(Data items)
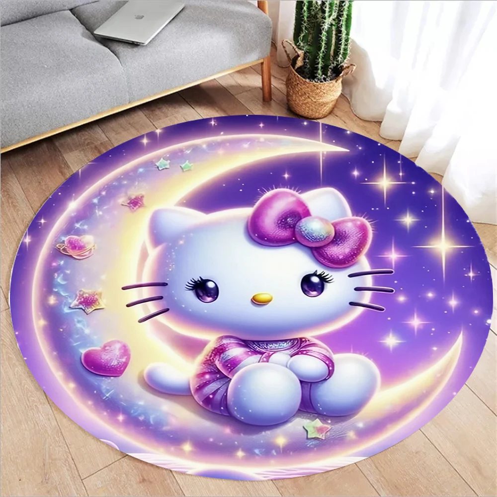 MINISO Sanrio Hello Kitty Print Rugs Anti-slip Round Rugs Carpet for Living Room Bedroom Sofa Rug Kids Floor Mat Gift Decor Mat
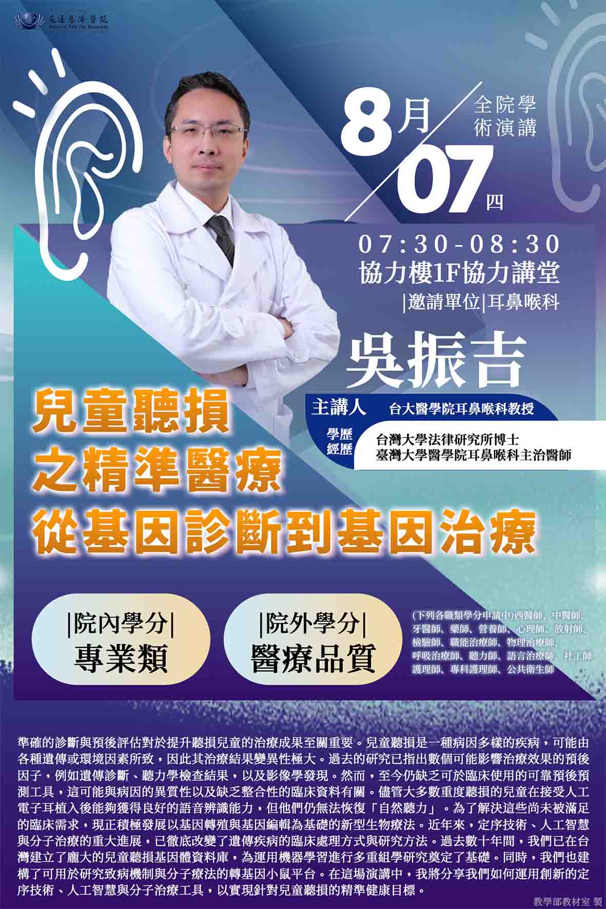 114.08.07 全院學術演講-兒童聽損之精準醫療從基因診斷到基因治療-吳振吉教授
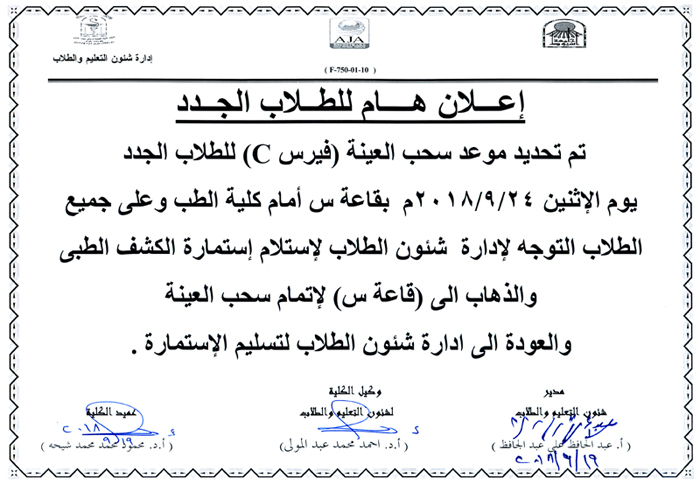 هام لطلاب كلية الصيدلة الجدد – تقرر سحب عينة فيروس سي يوم الاثنين 24-9-2018م. 19 سبتمبر 2018 هام لطلاب كلية الصيدلة الجدد – تقرر سحب عينة فيروس سي يوم الاثنين 24-9-2018م.
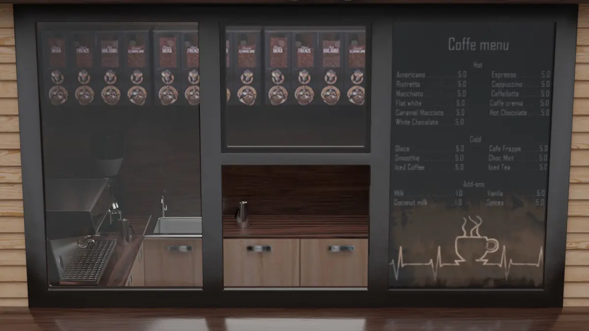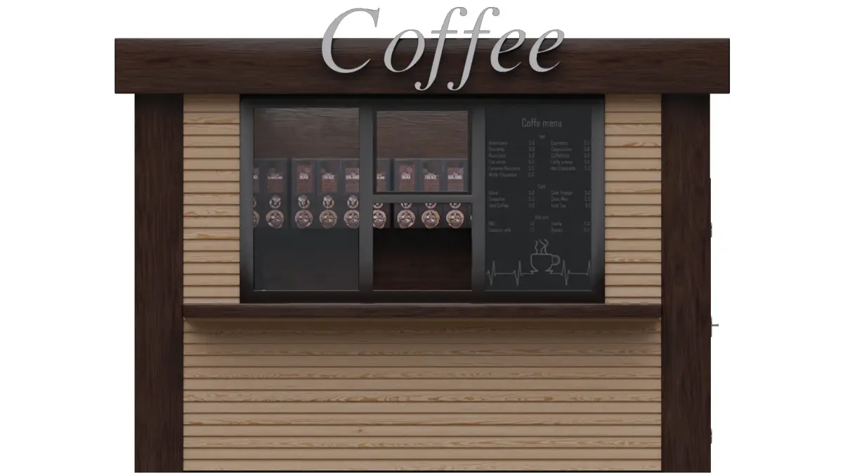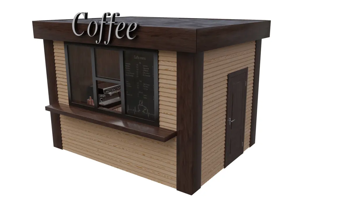 Street coffee shop. The model includes a coffee shop with tables and chairs with 4k textures. Interior furnishing elements (coffee machine, coffee grinder, refrigerator) with 1k textures.
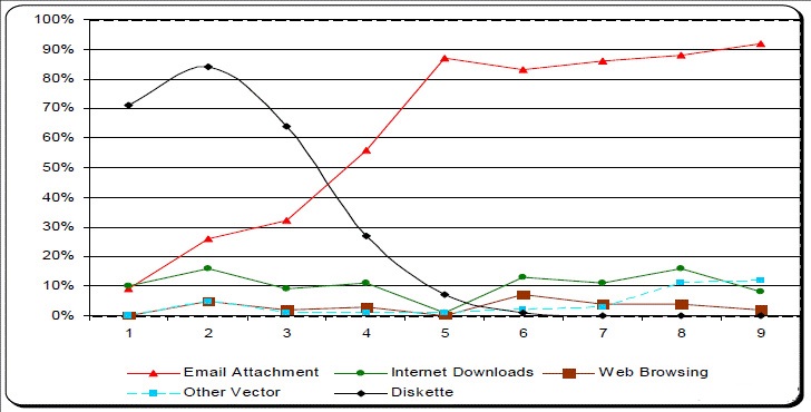 計算機病毒一直是信息安全的主要威脅。而隨著網(wǎng)絡(luò)的不斷發(fā)展,網(wǎng)絡(luò)速度越來越快,網(wǎng)絡(luò)應(yīng)用也越來越豐富多彩,使得病毒傳播的風(fēng)險也越來越大,造成的破壞也越來越強。據(jù)ICSA(國際計算機安全協(xié)會)的統(tǒng)計,目前已經(jīng)有超過90%的病毒是通過網(wǎng)絡(luò)進(jìn)行傳播的。內(nèi)網(wǎng)用戶訪問Internet時,無論是瀏覽WEB頁面,還是通過FTP下載文件,或者是收發(fā)E-mail,甚至MSN聊天等,都可能將Internet上的病毒帶入網(wǎng)內(nèi)。而近幾年泛濫成災(zāi)的網(wǎng)絡(luò)蠕蟲病毒(如紅色代碼、尼姆達(dá)、沖擊波、振蕩波等)跟傳統(tǒng)的通過光盤、軟盤等介質(zhì)進(jìn)行傳播的基于文件的病毒有很大的不同,它們本身是一個病毒與黑客工具的結(jié)合體,當(dāng)網(wǎng)絡(luò)當(dāng)中一臺計算機感染蠕蟲病毒后,它會自動的以極快的速度(每秒幾百個線程)掃描網(wǎng)絡(luò)當(dāng)中其他計算機的安全漏洞,并主動的將病毒傳播到那些存在安全漏洞的計算機上,只要相關(guān)的安全漏洞沒有通過安裝補丁的方式加以彌補,蠕蟲病毒就會這樣以幾何級數(shù)的增長速度在網(wǎng)絡(luò)當(dāng)中傳播,即使計算機上安裝了帶有實時監(jiān)控功能的防病毒軟件(包括單機版和網(wǎng)絡(luò)版)對此也無能為力。蠕蟲病毒的傳播還會大量占用網(wǎng)絡(luò)帶寬,造成網(wǎng)絡(luò)擁堵,形成拒絕服務(wù)式攻擊(DoS)。
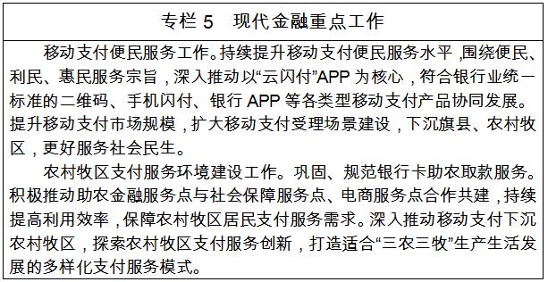 (一)現(xiàn)代金融業(yè)。以服務(wù)實(shí)體經(jīng)濟(jì)為導(dǎo)向,以降低融資成本、豐富產(chǎn)品供給、提升服務(wù)能力為目標(biāo),防控金融風(fēng)險、深化金融改革,著力推動普惠金融和綠色金融發(fā)展,努力實(shí)現(xiàn)地方金融實(shí)力明顯增強(qiáng)、社會融資結(jié)構(gòu)明顯改善、金融服務(wù)能力明顯提升、金融發(fā)展環(huán)境明顯優(yōu)化。
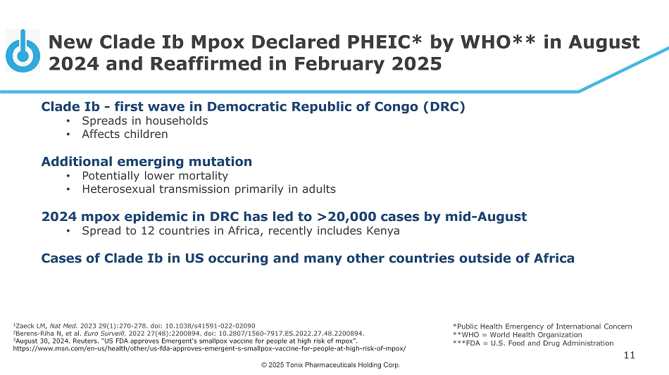 © 2025 Tonix Pharmaceuticals Holding Corp. Mpox Outbreak 2022 - 23: Clade IIb: WHO Public Health Emergency Global Health Concern (PHEIC) 10 Risk of Spread and Lethality of Clade IIb • Case Fatality Rate (CFR): 0.1% to 3.6%  Lower compared to Clade I • Primarily spread through sexual contact among gay men outside Africa • Rapid and significant spread beyond endemic regions  Over 90,000 cases reported in more than 100 countries by the end of 2022 • Systemic symptoms and rash leading to medical interventions in up to 40% of cases Sources: WHO, European CDC, US CDC, and Ministries of Health 2022 U.S. Map and Case Count | Mpox | Poxvirus | CDC WHO = World Health Organization FDA = U.S. Food and Drug Administration Total Cases: 95,912; 92,982 were in locations that have not historically reported Mpox Total Location: 118; 111 has not historically reported Mpox
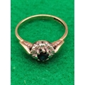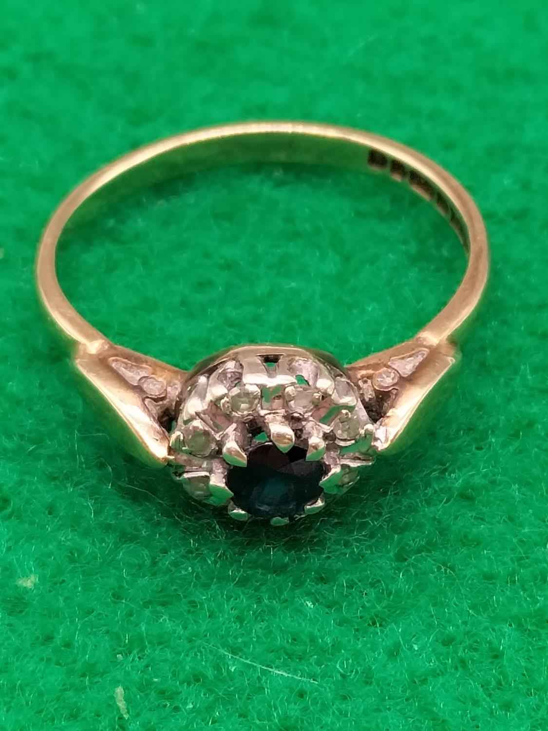 9ct Gold Sapphire and Diamond Ring. 2.1 Grams. Size M. 1 Stone Missing.
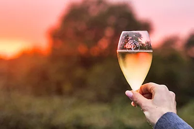 • A chilled bottle of Quob Park English Sparkling Wine on arrival
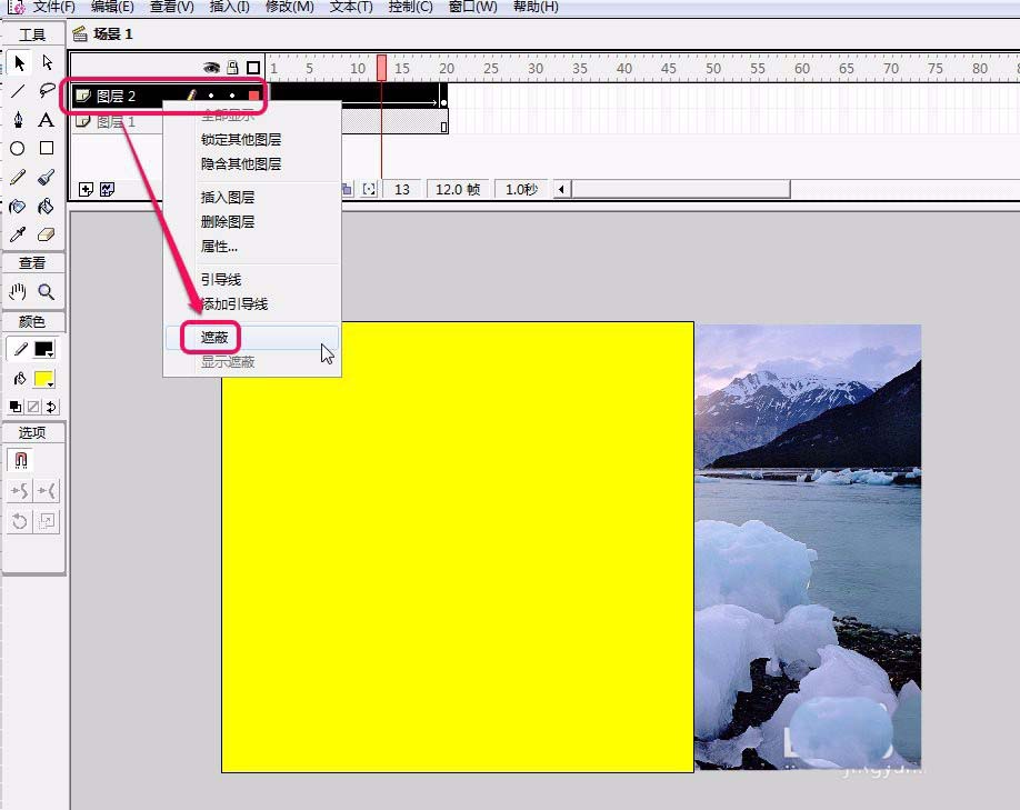 flash遮蔽功能经常使用,今天我们就来看看flash使用遮蔽实现图片逐渐显现的教程。

Assignment.
The reply should hold every record, unchanged, and no pictures.

Written response.
 MINISO Sanrio Hello Kitty Print Rugs Anti-slip Round Rugs Carpet for Living Room Bedroom Sofa Rug Kids Floor Mat Gift Decor Mat
 114.08.07 全院學術演講-兒童聽損之精準醫療從基因診斷到基因治療-吳振吉教授
 هام لطلاب كلية الصيدلة الجدد – تقرر سحب عينة فيروس سي يوم الاثنين 24-9-2018م. 19 سبتمبر 2018 هام لطلاب كلية الصيدلة الجدد – تقرر سحب عينة فيروس سي يوم الاثنين 24-9-2018م.
 Street coffee shop. The model includes a coffee shop with tables and chairs with 4k textures. Interior furnishing elements (coffee machine, coffee grinder, refrigerator) with 1k textures.
 計算機病毒一直是信息安全的主要威脅。而隨著網(wǎng)絡(luò)的不斷發(fā)展,網(wǎng)絡(luò)速度越來越快,網(wǎng)絡(luò)應(yīng)用也越來越豐富多彩,使得病毒傳播的風(fēng)險也越來越大,造成的破壞也越來越強。據(jù)ICSA(國際計算機安全協(xié)會)的統(tǒng)計,目前已經(jīng)有超過90%的病毒是通過網(wǎng)絡(luò)進(jìn)行傳播的。內(nèi)網(wǎng)用戶訪問Internet時,無論是瀏覽WEB頁面,還是通過FTP下載文件,或者是收發(fā)E-mail,甚至MSN聊天等,都可能將Internet上的病毒帶入網(wǎng)內(nèi)。而近幾年泛濫成災(zāi)的網(wǎng)絡(luò)蠕蟲病毒(如紅色代碼、尼姆達(dá)、沖擊波、振蕩波等)跟傳統(tǒng)的通過光盤、軟盤等介質(zhì)進(jìn)行傳播的基于文件的病毒有很大的不同,它們本身是一個病毒與黑客工具的結(jié)合體,當(dāng)網(wǎng)絡(luò)當(dāng)中一臺計算機感染蠕蟲病毒后,它會自動的以極快的速度(每秒幾百個線程)掃描網(wǎng)絡(luò)當(dāng)中其他計算機的安全漏洞,并主動的將病毒傳播到那些存在安全漏洞的計算機上,只要相關(guān)的安全漏洞沒有通過安裝補丁的方式加以彌補,蠕蟲病毒就會這樣以幾何級數(shù)的增長速度在網(wǎng)絡(luò)當(dāng)中傳播,即使計算機上安裝了帶有實時監(jiān)控功能的防病毒軟件(包括單機版和網(wǎng)絡(luò)版)對此也無能為力。蠕蟲病毒的傳播還會大量占用網(wǎng)絡(luò)帶寬,造成網(wǎng)絡(luò)擁堵,形成拒絕服務(wù)式攻擊(DoS)。
 (一)現(xiàn)代金融業(yè)。以服務(wù)實(shí)體經(jīng)濟(jì)為導(dǎo)向,以降低融資成本、豐富產(chǎn)品供給、提升服務(wù)能力為目標(biāo),防控金融風(fēng)險、深化金融改革,著力推動普惠金融和綠色金融發(fā)展,努力實(shí)現(xiàn)地方金融實(shí)力明顯增強(qiáng)、社會融資結(jié)構(gòu)明顯改善、金融服務(wù)能力明顯提升、金融發(fā)展環(huán)境明顯優(yōu)化。
 © 2025 Tonix Pharmaceuticals Holding Corp. Mpox Outbreak 2022 - 23: Clade IIb: WHO Public Health Emergency Global Health Concern (PHEIC) 10 Risk of Spread and Lethality of Clade IIb • Case Fatality Rate (CFR): 0.1% to 3.6%  Lower compared to Clade I • Primarily spread through sexual contact among gay men outside Africa • Rapid and significant spread beyond endemic regions  Over 90,000 cases reported in more than 100 countries by the end of 2022 • Systemic symptoms and rash leading to medical interventions in up to 40% of cases Sources: WHO, European CDC, US CDC, and Ministries of Health 2022 U.S. Map and Case Count | Mpox | Poxvirus | CDC WHO = World Health Organization FDA = U.S. Food and Drug Administration Total Cases: 95,912; 92,982 were in locations that have not historically reported Mpox Total Location: 118; 111 has not historically reported Mpox
 9ct Gold Sapphire and Diamond Ring. 2.1 Grams. Size M. 1 Stone Missing.
 • A chilled bottle of Quob Park English Sparkling Wine on arrival
 flash遮蔽功能经常使用,今天我们就来看看flash使用遮蔽实现图片逐渐显现的教程。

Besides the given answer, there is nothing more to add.